TOBY: She was my first choice because she was the most talented person I knew who made music, and she had the emotional depth and richness of sound I thought would fit really well. Being in the position of directing a project requires this balance of egotism and humility—the things you know you can do well, you want to be confident in. But you really need to know what you’re not good at and then trust the people you assign those roles to. There wasn’t a lot of back and forth—small adjustments to fit technical specifications, but for the most part, I could let them do what I knew they were good at. I wanted the music to be ambient in the classical Brian Eno sense—where if you pay attention, a lot of nuance comes out, but if you don’t, it recedes into the background. I said something along those lines in my original pitch to Emily, and the first thing I got back I was like, “Yep. That’s exactly it.”

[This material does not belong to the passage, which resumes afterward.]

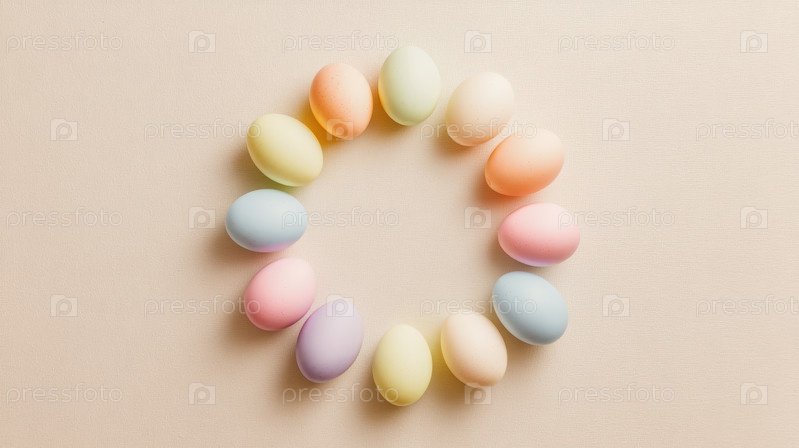 Пастельные пасхальные яйца, расположенные в круглых плоских слоях, мягкие цвета, сезонный праздничный декор, минимальная композиция и яркая концепция весеннего торжества

Do Games Need to Explain Their Own Mechanics?
WARREN: For the story—you’ve said it wasn’t planned in a particular way. I typically don’t think of platformers as games where story isn’t really important anyway. Were there moments where what the game required mechanically was at odds with what you wanted to express narratively?
TOBY: No, there wasn’t. There was a really big trend in the 2000s where it was very chic to have your story expressed explicitly through the mechanics—or have the mechanics cleverly comment on your story. The joke I always make is a platformer where it’s like, “I’m grappling with the loss of my wife.” But I think one of the strengths of video games is that people are willing to accept a level of abstraction. They don’t actually find it jarring to do a bunch of arbitrary platforming and then have a story beat. The gravity mechanic—where you can flip gravity—it’s never explained. There’s no in-game reason why you can do that. But I’ve never had anyone ask me why she can do that. I think video games are allowed to operate with this dream-like logic, and you give up some storytelling power if you ignore that. It was very freeing to write the story in a more abstract way that didn’t explain everything. There’s no moment in the game where Maya looks to the camera and says, “What’s going on? Why am I in this castle?”
WARREN: The way the game functions is at this subconscious state of working through individual levels. When I would think about things too much, it made it difficult. It felt more like playing a theremin than playing a piano—like playing a fretless bass rather than a harp. Can you tell me about what the feel of the levels should be like?
TOBY: A lot of it comes down to intuition and experimentation. There’s a lot of just opening the level editor, smearing some spikes and geometry around, hopping into the game, seeing what it feels like. And then maybe you have one particular moment where it’s like, “Oh, that was really satisfying.” Maybe I can do that a second time in a slightly different way, or structure the whole level around it. That happens more often than sitting down with a fully formed idea. Despite what YouTube essays would have you believe, there aren’t really rules I follow to produce a brilliant level. It’s a lot more experimenting, playing, and seeing what feels fun or interesting.